### Available data:
▬▬▬▬▬▬

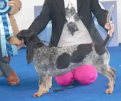 The Basset Bleu de Gascogne (French pronunciation: [bɑsɛ blø də ɡasˈkɔɲ]), also known as the Blue Gascony Basset, is a long-backed, short legged breed of dog of the hound type. A French native breed, it is rare outside its homeland. It is recognized internationally by the Fédération Cynologique Internationale, in the UK by The Kennel Club, and by the United Kennel Club in the United States. The "bleu" of its name is a reference to its coat which has a ticked appearance.
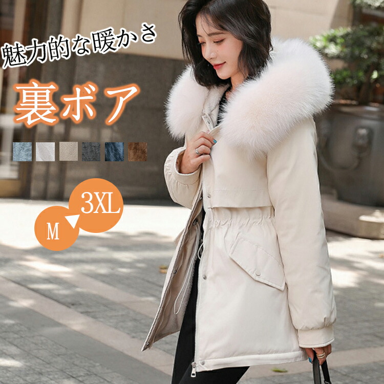 裏ボア コートレディース 暖かい モッズコート 大きいサイズ ロング 中綿コート レディース 軽い ふんわり フード付き ハーフコート 体型カバー 防寒 保温 マウンテンパーカ 裏 フード付きパーカー
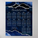 Poster Navy Blue and Silver Agate Wedding Seating Chart
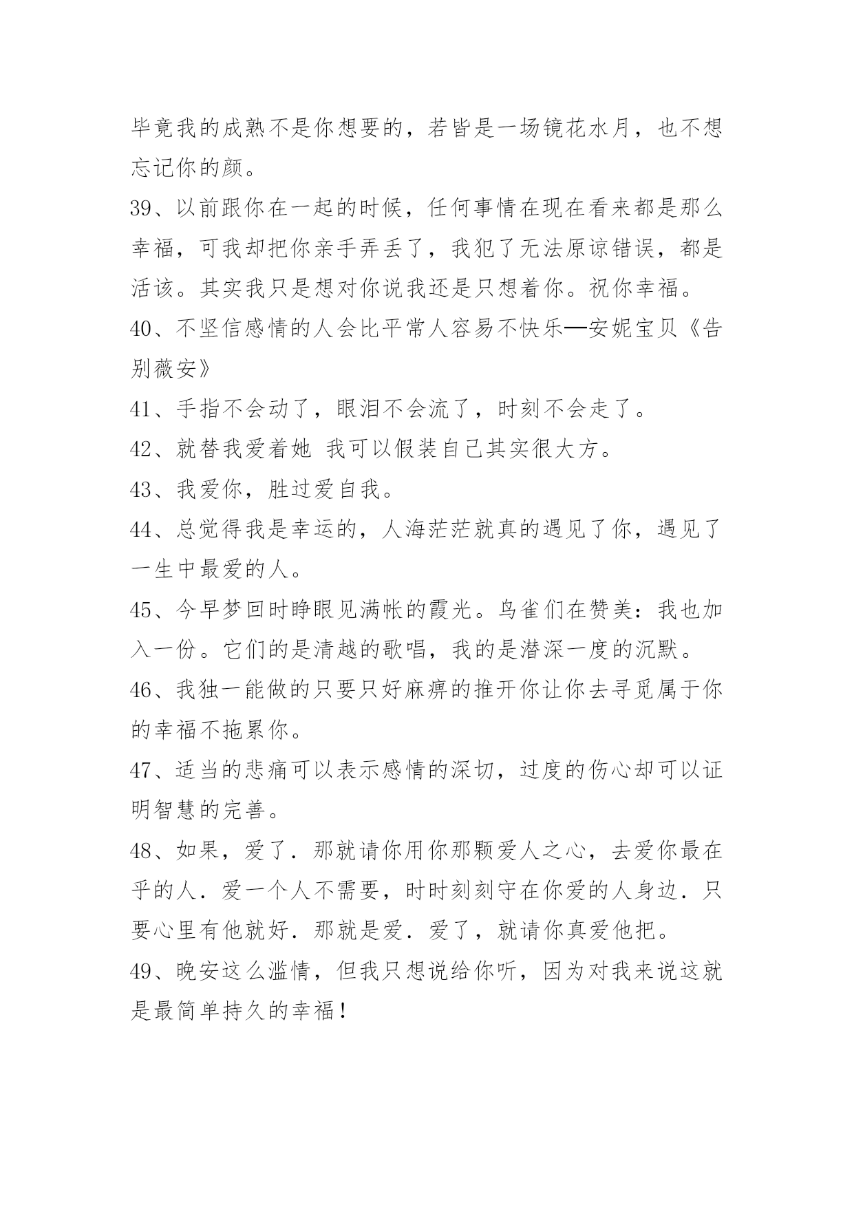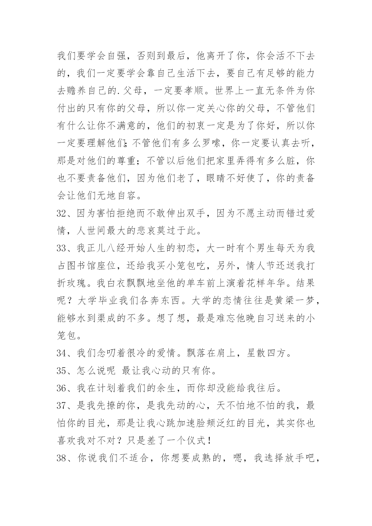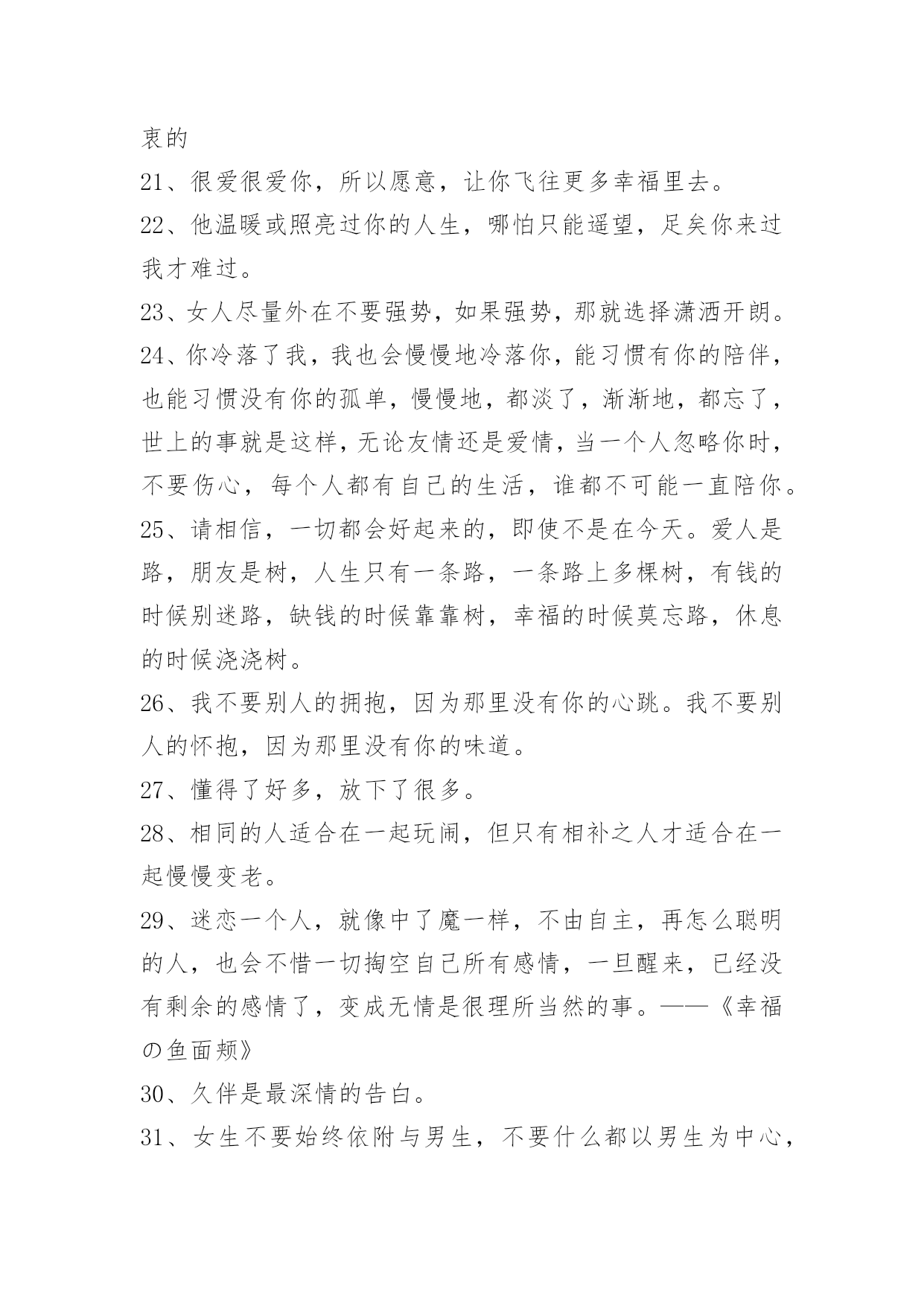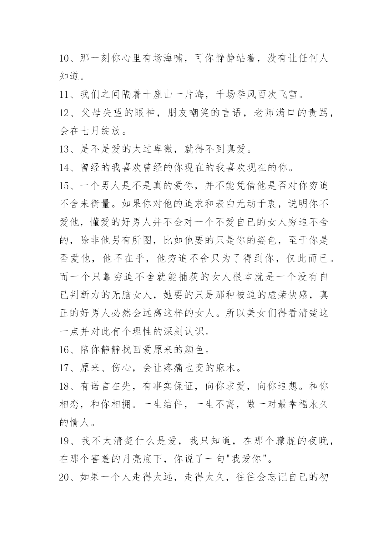 简洁的爱情语录49条简洁的爱情语录汇编49条是不是爱的太过卑微,就不会得到幸福。以下是小编给各位读者分享的爱情语录49条,欢迎大家前来欣赏。1、不管怎么样,相信我是爱你的。2、告诉自己不能闲下来,因为一闲下来,脑子里全部都是关于你。3、以后就别再打电话或是发短信,每天早晨用你泡的咖啡的香味叫我起床,行吗?4、女人想起一个男人,也许是因为一句话,一首歌,一个承诺。男人想起,也许是因为一个吻,一支舞,一场离别。这条温暖的信息,让你记起了我——"天冷了,穿衣服啦"。5、当我们互相理解得越多,互相学习得越多,感动和成长就越多。我们不是在想象和文字中构建爱情的意义、生命的意义。爱的意义是在互相理解、代人着想、真心付出中构建起来的。6、把烦恼写在纸上,装进玻璃瓶,投入河中,越远越好,瓶子不见了,你的烦恼也走了。7、我不要你的全部,只要你的无名指;我不能给你我的全部,只有一个结婚戒指。8、即使下一秒我们没有相遇,上一秒我们也会相见。9、我以为一个人可以很快乐,没想到却是寂寞横生。10、那一刻你心里有场海啸,可你静静站着,没有让任何人知道。11、我们之间隔着十座山一片海,千场季风百次飞雪。12、父母失望的眼神,朋友嘲笑的言语,老师满口的责骂,会在七月绽放。13、是不是爱的太过卑微,就得不到真爱。14、曾经的我喜欢曾经的你现在的我喜欢现在的你。15、一个男人是不是真的爱你,并不能凭借他是否对你穷追不舍来衡量。如果你对他的追求和表白无动于衷,说明你不爱他,懂爱的好男人并不会对一个不爱自已的女人穷追不舍的,除非他另有所图,比如他要的只是你的姿色,至于你是否爱他,他不在乎,他穷追不舍只为了得到你,仅此而已。而一个只靠穷追不舍就能捕获的女人根本就是一个没有自已判断力的无脑女人,她要的只是那种被追的虚荣快感,真正的好男人必然会远离这样的女人。所以美女们得看清楚这一点并对此有个理性的深刻认识。16、陪你静静找回爱原来的颜色。17、原来、伤心,会让疼痛也变的麻木。18、有诺言在先,有事实保证,向你求爱,向你追想。和你相恋,和你相拥。一生结伴,一生不离,做一对最幸福永久的情人。19、我不太清楚什么是爱,我只知道,在那个朦胧的夜晚,在那个害羞的月亮底下,你说了一句"我爱你"。20、如果一个人走得太远,走得太久,往往会忘记自己的初衷的21、很爱很爱你,所以愿意,让你飞往更多幸福里去。22、他温暖或照亮过你的人生,哪怕只能遥望,足矣你来过我才难过。23、女人尽量外在不要强势,如果强势,那就选择潇洒开朗。24、你冷落了我,我也会慢慢地冷落你,能习惯有你的陪伴,也能习惯没有你的孤单,慢慢地,都淡了,渐渐地,都忘了,世上的事就是这样,无论友情还是爱情,当一个人忽略你时,不要伤心,每个人都有自己的生活,谁都不可能一直陪你。25、请相信,一切都会好起来的,即使不是在今天。爱人是路,朋友是树,人生只有一条路,一条路上多棵树,有钱的时候别迷路,缺钱的时候靠靠树,幸福的时候莫忘路,休息的时候浇浇树。26、我不要别人的拥抱,因为那里没有你的心跳。我不要别人的怀抱,因为那里没有你的味道。27、懂得了好多,放下了很多。28、相同的人适合在一起玩闹,但只有相补之人才适合在一起慢慢变老。29、迷恋一个人,就像中了魔一样,不由自主,再怎么聪明的人,也会不惜一切掏空自己所有感情,一旦醒来,已经没有剩余的感情了,变成无情是很理所当然的事。——《幸福の鱼面颊》30、久伴是最深情的告白。31、女生不要始终依附与男生,不要什么都以男生为中心,我们要学会自强,否则到最后,他离开了你,你会活不下去的,我们一定要学会靠自己生活下去,要自己有足够的能力去赡养自己的.父母,一定要孝顺。世界上一直无条件为你付出的只有你的父母,所以你一定关心你的父母,不管他们有什么让你不满意的,他们的初衷一定是为了你好,所以你一定要理解他们;不管他们有多么罗嗦,你一定要认真去听,那是对他们的尊重;不管以后他们把家里弄得有多么脏,你也不要责备他们,因为他们老了,眼睛不好使了,你的责备会让他们无地自容。32、因为害怕拒绝而不敢伸出双手,因为不愿主动而错过爱情,人世间最大的悲哀莫过于此。33、我正儿八经开始人生的初恋,大一时有个男生每天为我占图书馆座位,还给我买小笼包吃,另外,情人节还送我打折玫瑰。我白衣飘飘地坐他的单车前上演着花样年华。结果呢?大学毕业我们各奔东西。大学的恋情往往是黄梁一梦,能够水到渠成的不多。想了想,最是难忘他晚自习送来的小笼包。34、我们念叨着很冷的爱情。飘落在肩上,星散四方。35、怎么说呢最让我心动的只有你。36、我在计划着我们的余生,而你却没能给我往后。37、是我先撩的你,是我先动的心,天不怕地不怕的我,最怕你的目光,那是让我心跳加速脸颊泛红的目光,其实你也喜欢我对不对?只是差了一个仪式!38、你说我们不适合

▬▬▬▬▬▬

### The problem:
Write out everything in the data word for word. Omit each picture.

### Reply:
 The Basset Bleu de Gascogne (French pronunciation: [bɑsɛ blø də ɡasˈkɔɲ]), also known as the Blue Gascony Basset, is a long-backed, short legged breed of dog of the hound type. A French native breed, it is rare outside its homeland. It is recognized internationally by the Fédération Cynologique Internationale, in the UK by The Kennel Club, and by the United Kennel Club in the United States. The "bleu" of its name is a reference to its coat which has a ticked appearance.
 裏ボア コートレディース 暖かい モッズコート 大きいサイズ ロング 中綿コート レディース 軽い ふんわり フード付き ハーフコート 体型カバー 防寒 保温 マウンテンパーカ 裏 フード付きパーカー
 Poster Navy Blue and Silver Agate Wedding Seating Chart
 简洁的爱情语录49条简洁的爱情语录汇编49条是不是爱的太过卑微,就不会得到幸福。以下是小编给各位读者分享的爱情语录49条,欢迎大家前来欣赏。1、不管怎么样,相信我是爱你的。2、告诉自己不能闲下来,因为一闲下来,脑子里全部都是关于你。3、以后就别再打电话或是发短信,每天早晨用你泡的咖啡的香味叫我起床,行吗?4、女人想起一个男人,也许是因为一句话,一首歌,一个承诺。男人想起,也许是因为一个吻,一支舞,一场离别。这条温暖的信息,让你记起了我——"天冷了,穿衣服啦"。5、当我们互相理解得越多,互相学习得越多,感动和成长就越多。我们不是在想象和文字中构建爱情的意义、生命的意义。爱的意义是在互相理解、代人着想、真心付出中构建起来的。6、把烦恼写在纸上,装进玻璃瓶,投入河中,越远越好,瓶子不见了,你的烦恼也走了。7、我不要你的全部,只要你的无名指;我不能给你我的全部,只有一个结婚戒指。8、即使下一秒我们没有相遇,上一秒我们也会相见。9、我以为一个人可以很快乐,没想到却是寂寞横生。10、那一刻你心里有场海啸,可你静静站着,没有让任何人知道。11、我们之间隔着十座山一片海,千场季风百次飞雪。12、父母失望的眼神,朋友嘲笑的言语,老师满口的责骂,会在七月绽放。13、是不是爱的太过卑微,就得不到真爱。14、曾经的我喜欢曾经的你现在的我喜欢现在的你。15、一个男人是不是真的爱你,并不能凭借他是否对你穷追不舍来衡量。如果你对他的追求和表白无动于衷,说明你不爱他,懂爱的好男人并不会对一个不爱自已的女人穷追不舍的,除非他另有所图,比如他要的只是你的姿色,至于你是否爱他,他不在乎,他穷追不舍只为了得到你,仅此而已。而一个只靠穷追不舍就能捕获的女人根本就是一个没有自已判断力的无脑女人,她要的只是那种被追的虚荣快感,真正的好男人必然会远离这样的女人。所以美女们得看清楚这一点并对此有个理性的深刻认识。16、陪你静静找回爱原来的颜色。17、原来、伤心,会让疼痛也变的麻木。18、有诺言在先,有事实保证,向你求爱,向你追想。和你相恋,和你相拥。一生结伴,一生不离,做一对最幸福永久的情人。19、我不太清楚什么是爱,我只知道,在那个朦胧的夜晚,在那个害羞的月亮底下,你说了一句"我爱你"。20、如果一个人走得太远,走得太久,往往会忘记自己的初衷的21、很爱很爱你,所以愿意,让你飞往更多幸福里去。22、他温暖或照亮过你的人生,哪怕只能遥望,足矣你来过我才难过。23、女人尽量外在不要强势,如果强势,那就选择潇洒开朗。24、你冷落了我,我也会慢慢地冷落你,能习惯有你的陪伴,也能习惯没有你的孤单,慢慢地,都淡了,渐渐地,都忘了,世上的事就是这样,无论友情还是爱情,当一个人忽略你时,不要伤心,每个人都有自己的生活,谁都不可能一直陪你。25、请相信,一切都会好起来的,即使不是在今天。爱人是路,朋友是树,人生只有一条路,一条路上多棵树,有钱的时候别迷路,缺钱的时候靠靠树,幸福的时候莫忘路,休息的时候浇浇树。26、我不要别人的拥抱,因为那里没有你的心跳。我不要别人的怀抱,因为那里没有你的味道。27、懂得了好多,放下了很多。28、相同的人适合在一起玩闹,但只有相补之人才适合在一起慢慢变老。29、迷恋一个人,就像中了魔一样,不由自主,再怎么聪明的人,也会不惜一切掏空自己所有感情,一旦醒来,已经没有剩余的感情了,变成无情是很理所当然的事。——《幸福の鱼面颊》30、久伴是最深情的告白。31、女生不要始终依附与男生,不要什么都以男生为中心,我们要学会自强,否则到最后,他离开了你,你会活不下去的,我们一定要学会靠自己生活下去,要自己有足够的能力去赡养自己的.父母,一定要孝顺。世界上一直无条件为你付出的只有你的父母,所以你一定关心你的父母,不管他们有什么让你不满意的,他们的初衷一定是为了你好,所以你一定要理解他们;不管他们有多么罗嗦,你一定要认真去听,那是对他们的尊重;不管以后他们把家里弄得有多么脏,你也不要责备他们,因为他们老了,眼睛不好使了,你的责备会让他们无地自容。32、因为害怕拒绝而不敢伸出双手,因为不愿主动而错过爱情,人世间最大的悲哀莫过于此。33、我正儿八经开始人生的初恋,大一时有个男生每天为我占图书馆座位,还给我买小笼包吃,另外,情人节还送我打折玫瑰。我白衣飘飘地坐他的单车前上演着花样年华。结果呢?大学毕业我们各奔东西。大学的恋情往往是黄梁一梦,能够水到渠成的不多。想了想,最是难忘他晚自习送来的小笼包。34、我们念叨着很冷的爱情。飘落在肩上,星散四方。35、怎么说呢最让我心动的只有你。36、我在计划着我们的余生,而你却没能给我往后。37、是我先撩的你,是我先动的心,天不怕地不怕的我,最怕你的目光,那是让我心跳加速脸颊泛红的目光,其实你也喜欢我对不对?只是差了一个仪式!38、你说我们不适合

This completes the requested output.